Victor Amos

Personal information
- Date of birth: 5 March 1999 (age 27)
- Place of birth: Abuja, Nigeria
- Height: 1.70 m (5 ft 7 in)
- Position: Striker

Team information
- Current team: Trayal Kruševac

Youth career
- 2017–2018: UFC Asokoro Abuja
- 2018–2019: Mladost Lučani

Senior career*
- Years: Team / Apps / (Gls)
- 2018–2021: Mladost Lučani / 2 / (0)
- 2021: Sloga Kraljevo / 10 / (2)
- 2022–: Trayal Kruševac / 1 / (0)

= Victor Amos =

Nigerian footballer

Victor Amos (born 5 March 1999) is a Nigerian professional footballer who plays as a striker for Serbian club Trayal Kruševac.

==Career==
Born in Abuja, he played with local academy UFC Asokoro Abuja back in Nigeria. He moved abroad during the end of 2018, when there was winter-break in most European championships, and, after a period of trials, he signed with Serbian top-league side FK Mladost Lučani.
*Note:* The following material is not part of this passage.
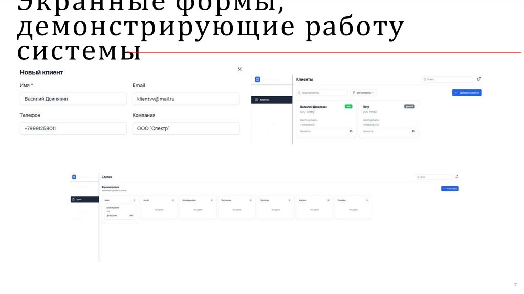 Экранные формы,демонстрирующие работу

Despite being in the extended list of players registered for the league, due to his age, and the high competitiveness in the attacking sector of the first-team, he spent most of initial time playing for Mladost in the Serbian youth league. However, his talent and performances, along with circumstances at the time, made Mladost direction board make him debut for the first-team in an official match for the 2018–19 Serbian SuperLiga. It was on 24 November 2018, in a away defeat against Radnik Surdulica by 1–0.